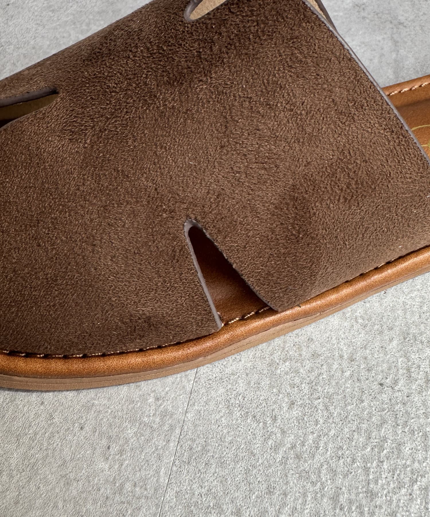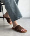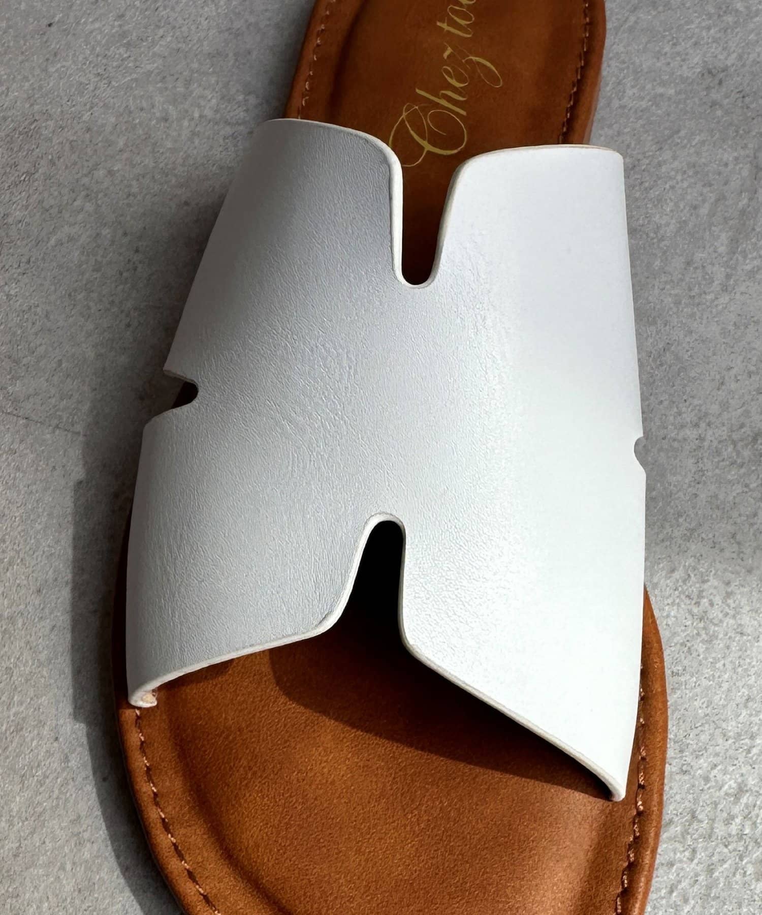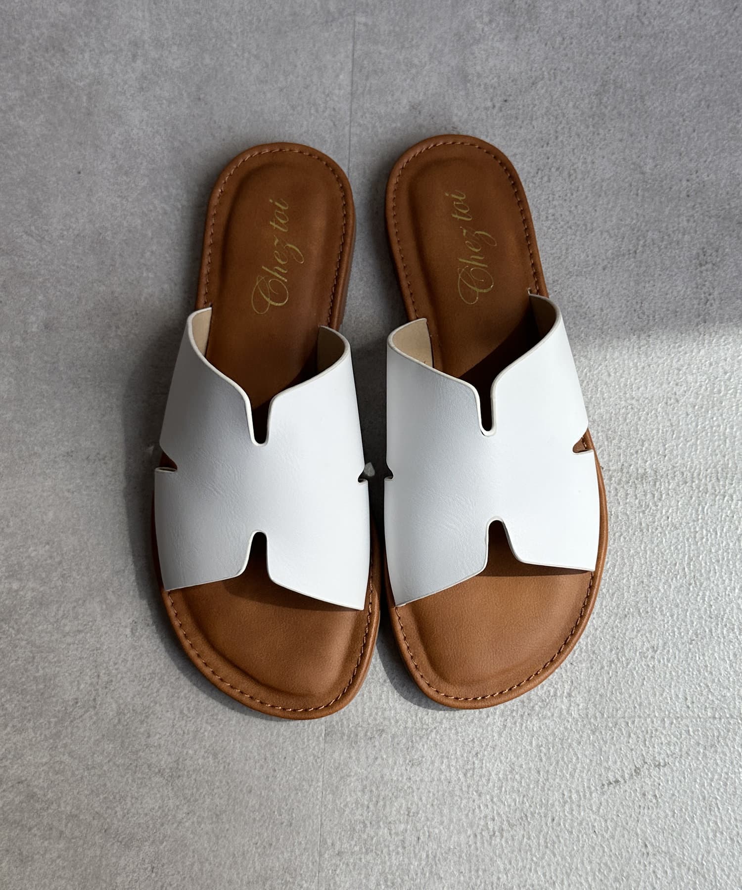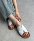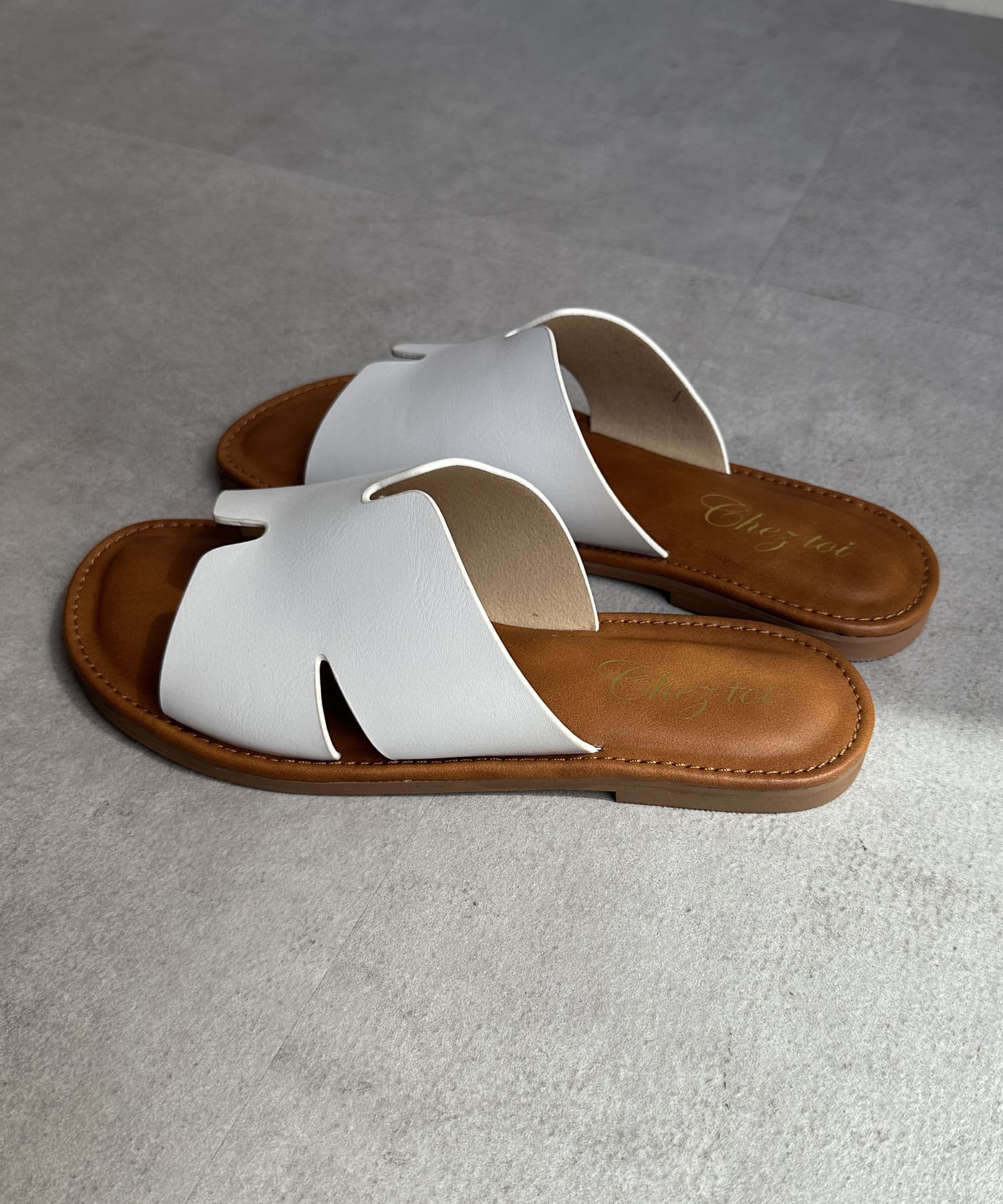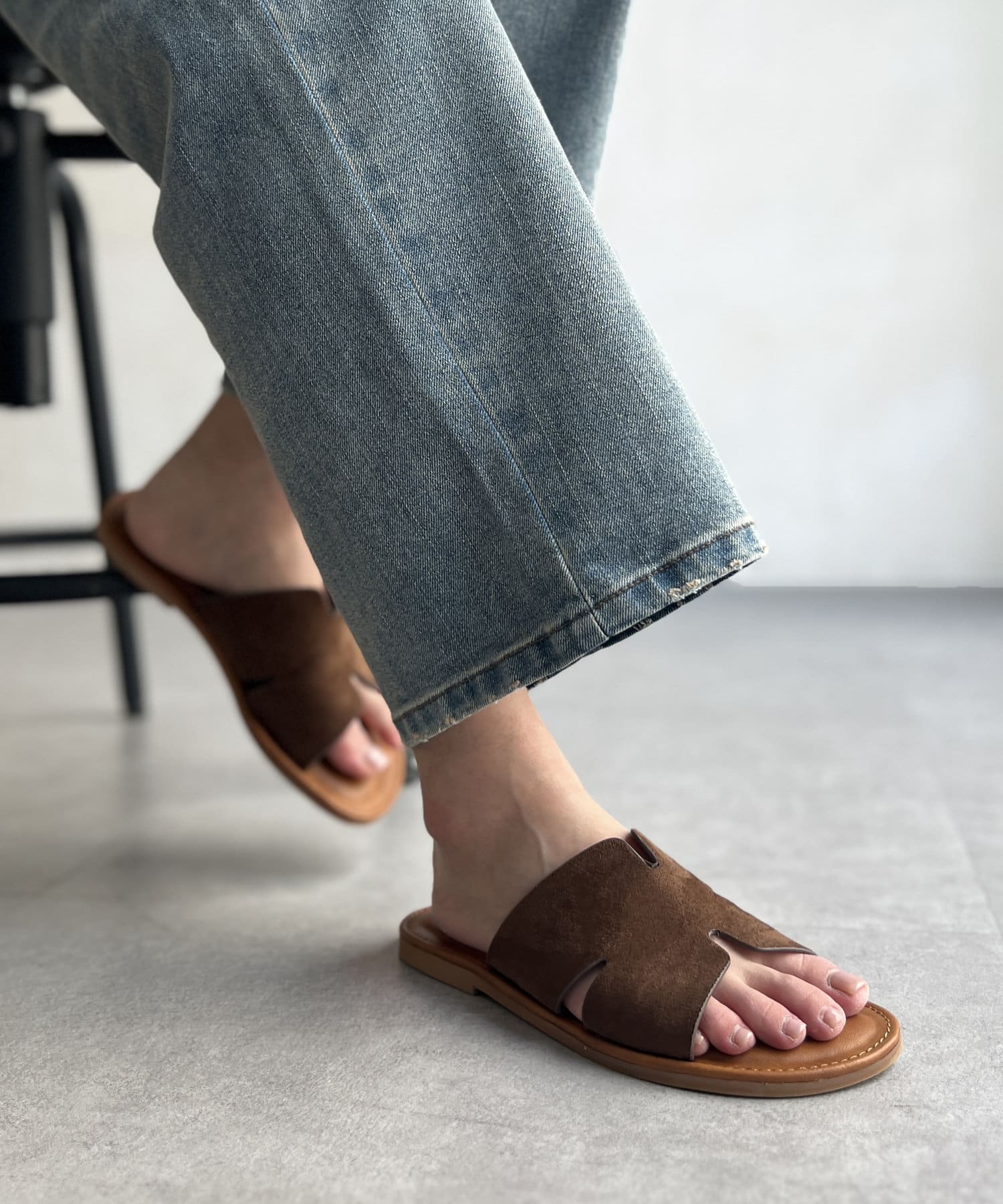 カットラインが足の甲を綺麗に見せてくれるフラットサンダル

-=-=-

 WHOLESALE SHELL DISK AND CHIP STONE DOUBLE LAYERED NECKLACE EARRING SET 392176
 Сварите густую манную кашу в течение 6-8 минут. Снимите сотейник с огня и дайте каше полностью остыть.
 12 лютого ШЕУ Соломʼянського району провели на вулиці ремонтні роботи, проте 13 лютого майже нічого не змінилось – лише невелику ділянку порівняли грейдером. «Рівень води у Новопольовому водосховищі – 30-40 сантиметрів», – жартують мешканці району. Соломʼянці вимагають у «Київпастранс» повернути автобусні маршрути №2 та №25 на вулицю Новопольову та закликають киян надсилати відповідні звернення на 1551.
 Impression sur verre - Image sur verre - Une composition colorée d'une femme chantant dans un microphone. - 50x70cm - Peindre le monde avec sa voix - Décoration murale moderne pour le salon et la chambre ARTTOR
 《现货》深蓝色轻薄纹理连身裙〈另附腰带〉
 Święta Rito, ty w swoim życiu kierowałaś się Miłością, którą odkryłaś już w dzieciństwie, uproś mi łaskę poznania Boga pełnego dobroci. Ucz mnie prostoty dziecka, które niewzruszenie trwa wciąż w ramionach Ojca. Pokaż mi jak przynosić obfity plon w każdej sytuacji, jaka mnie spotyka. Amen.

-=-=-

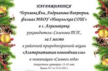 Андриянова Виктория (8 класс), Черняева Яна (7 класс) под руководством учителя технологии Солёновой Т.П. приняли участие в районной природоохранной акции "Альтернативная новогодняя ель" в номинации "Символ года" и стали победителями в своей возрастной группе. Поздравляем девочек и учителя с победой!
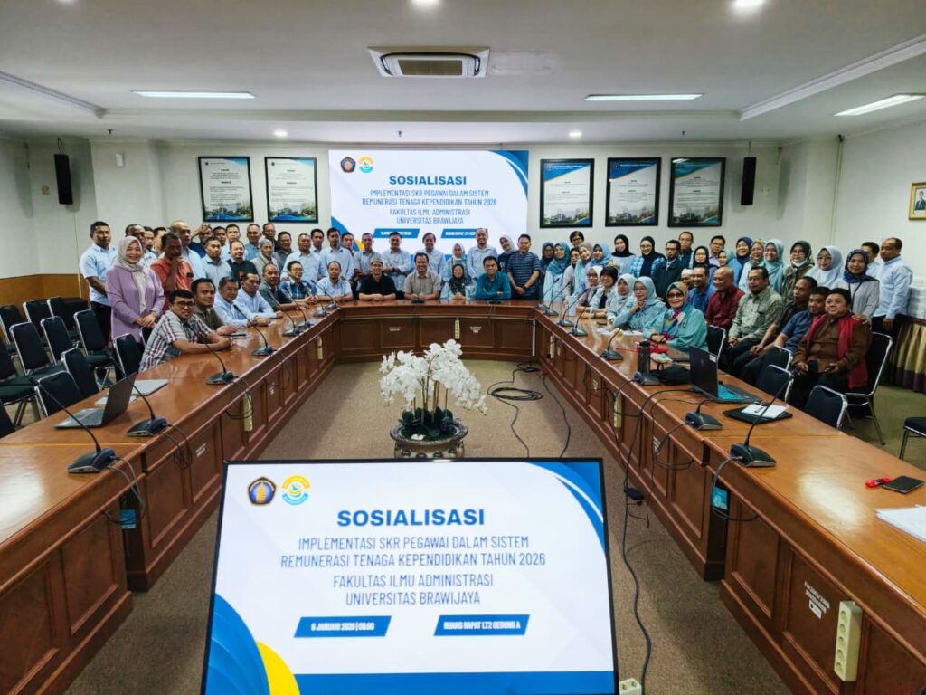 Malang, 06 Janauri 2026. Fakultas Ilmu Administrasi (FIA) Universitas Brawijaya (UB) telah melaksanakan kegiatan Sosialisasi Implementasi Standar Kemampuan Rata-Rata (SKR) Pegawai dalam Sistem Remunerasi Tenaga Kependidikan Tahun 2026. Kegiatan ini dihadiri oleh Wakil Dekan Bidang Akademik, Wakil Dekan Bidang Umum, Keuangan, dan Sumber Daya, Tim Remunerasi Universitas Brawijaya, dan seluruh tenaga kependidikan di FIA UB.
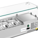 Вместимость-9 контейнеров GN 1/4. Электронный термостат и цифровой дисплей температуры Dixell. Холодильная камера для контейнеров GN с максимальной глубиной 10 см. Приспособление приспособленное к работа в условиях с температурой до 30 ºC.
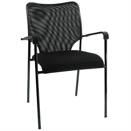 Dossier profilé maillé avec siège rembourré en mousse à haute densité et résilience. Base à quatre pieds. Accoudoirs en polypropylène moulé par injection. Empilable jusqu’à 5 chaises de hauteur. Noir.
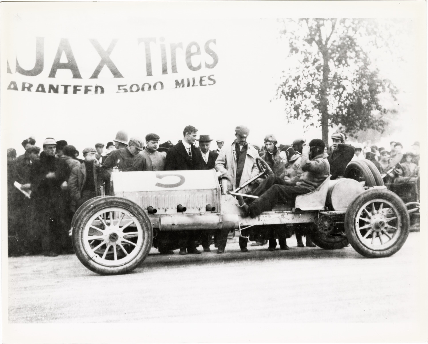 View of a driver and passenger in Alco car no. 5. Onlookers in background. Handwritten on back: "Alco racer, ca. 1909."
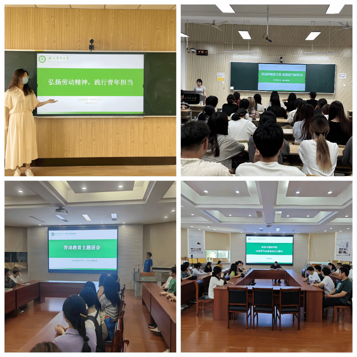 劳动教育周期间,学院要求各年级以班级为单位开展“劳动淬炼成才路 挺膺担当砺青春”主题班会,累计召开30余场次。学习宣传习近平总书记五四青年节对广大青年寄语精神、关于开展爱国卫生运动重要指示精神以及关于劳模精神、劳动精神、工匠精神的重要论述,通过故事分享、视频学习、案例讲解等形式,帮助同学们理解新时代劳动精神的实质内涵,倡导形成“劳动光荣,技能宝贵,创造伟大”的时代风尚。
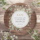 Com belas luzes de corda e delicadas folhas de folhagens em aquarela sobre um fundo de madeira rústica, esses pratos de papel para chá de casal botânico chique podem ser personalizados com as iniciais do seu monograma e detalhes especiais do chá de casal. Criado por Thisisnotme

-=-=-

→ Requirement: Drop the pictures; return the lines above from the line containing "View of a driver" to the line containing "Com belas luzes", both included, exactly.

→ Task solution:
 View of a driver and passenger in Alco car no. 5. Onlookers in background. Handwritten on back: "Alco racer, ca. 1909."
 劳动教育周期间,学院要求各年级以班级为单位开展“劳动淬炼成才路 挺膺担当砺青春”主题班会,累计召开30余场次。学习宣传习近平总书记五四青年节对广大青年寄语精神、关于开展爱国卫生运动重要指示精神以及关于劳模精神、劳动精神、工匠精神的重要论述,通过故事分享、视频学习、案例讲解等形式,帮助同学们理解新时代劳动精神的实质内涵,倡导形成“劳动光荣,技能宝贵,创造伟大”的时代风尚。
 Com belas luzes de corda e delicadas folhas de folhagens em aquarela sobre um fundo de madeira rústica, esses pratos de papel para chá de casal botânico chique podem ser personalizados com as iniciais do seu monograma e detalhes especiais do chá de casal. Criado por Thisisnotme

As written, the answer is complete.